Oranmore railway station is a railway station that serves the town of Oranmore and its surrounding areas in County Galway.

Services
Oranmore is a stop on the Dublin – Galway intercity service and the Galway – Athenry/Athlone and Galway – Limerick Commuter services.
Journey time is approximately 10 minutes from Oranmore to Galway Ceannt.

Bicycle parking and car parking facilities are provided. The 140 space car park at the station is owned and operated by Galway County Council.

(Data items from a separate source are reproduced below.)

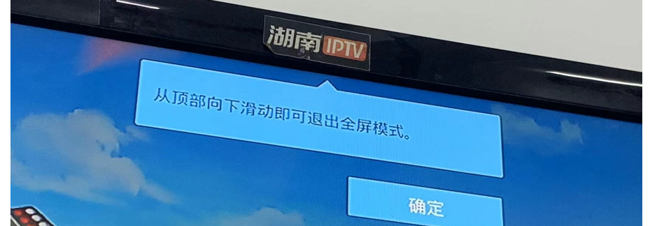 • 重现方式:之前认为是项目代码问题,但是打空包上传到IPTV大屏上就会弹出“从顶部向下滑动即可退出全屏模式”
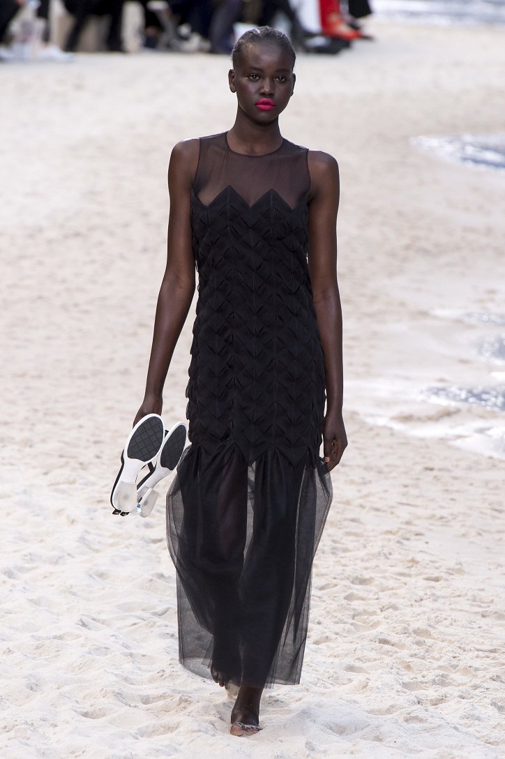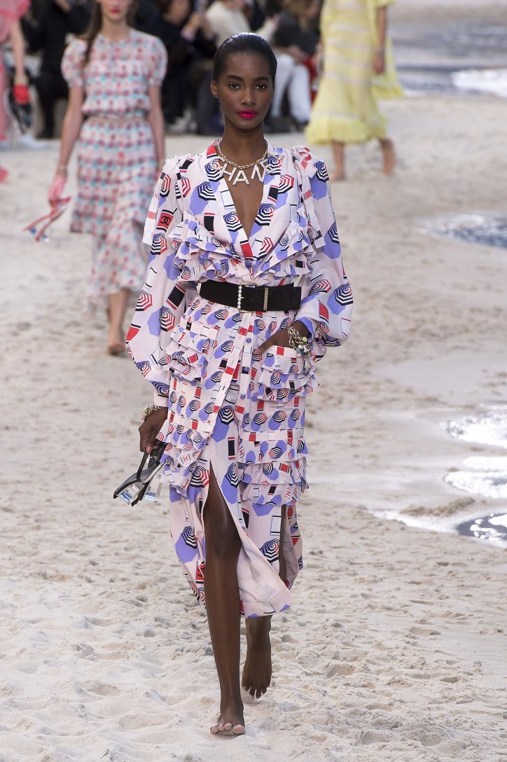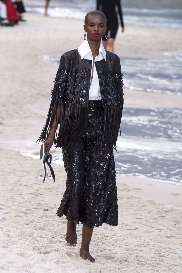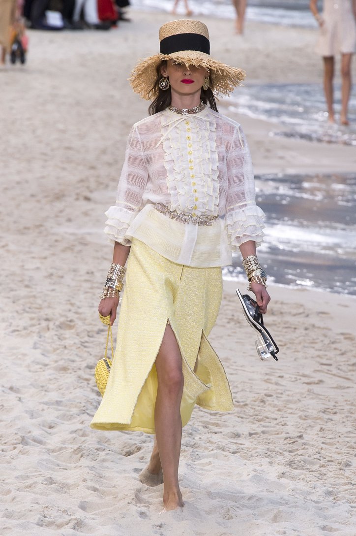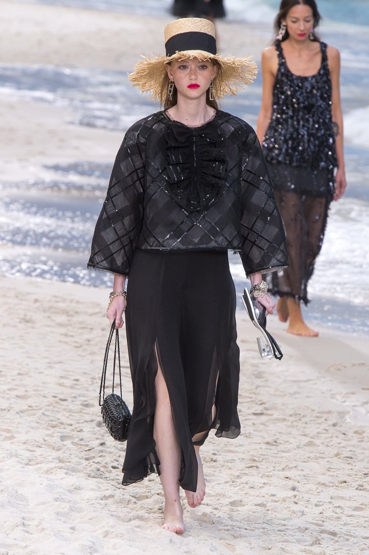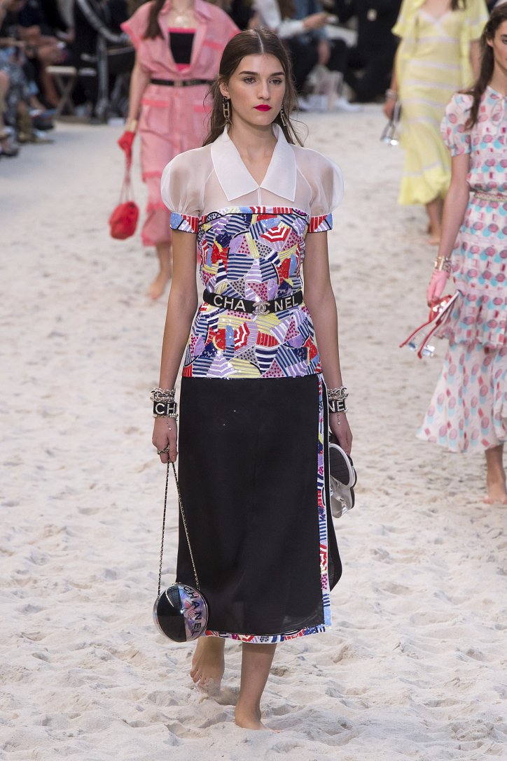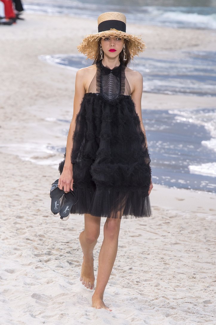 Показы Chanel – это всегда интрига. Карл Лагерфельд не устает удивлять публику выбором локаций для дефиле. Вот и новую коллекцию Chanel он решил показать… на пляже, который соорудили прямо в Grand Palais! Модели, взяв в руки мюли с прозрачными каблуками, с наслаждением дефилировали босиком по белоснежному песку, на который набегали волны пусть даже и ненастоящего океана.
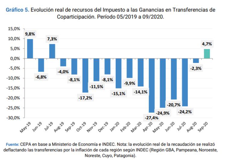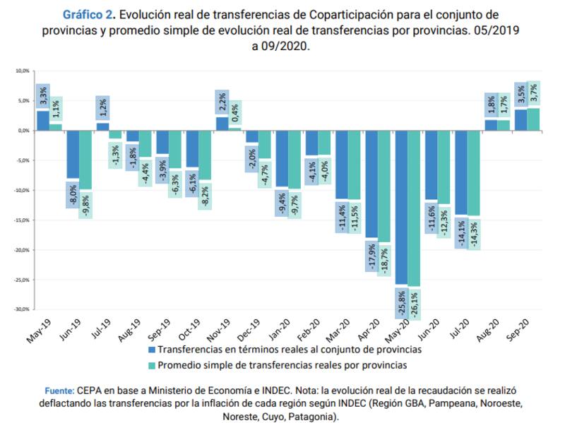Si bien en agosto ya había habido una recomposición contra la inflación de 1,5% esta se había producido por la postergación de los vencimientos anuales de Ganancias y Bienes Personales para personas humanas, que significaron una inyección importante dado que parte de ambos impuestos se reparten entre las jurisdicciones.

From Oranmore along the Western Rail Corridor connecting trains in Limerick provide onward links to Limerick Junction (for Tipperary, and Waterford) and Cork.

History
The original Oranmore station was opened in 1851 by the MGWR on its route from Dublin to Galway. The station was open until the rationalisation of the railway network by Córas Iompair Éireann saw it closed in 1963, with the building sold as a private residence.

Development

The station serves as a park and ride for commuters into Galway. As a consequence of this, the old station was not rebuilt; instead, the new station is located at Garraun. Oranmore serves as an intermediate stop both for services to Galway from Limerick, and for the Galway Suburban Rail services from Athenry.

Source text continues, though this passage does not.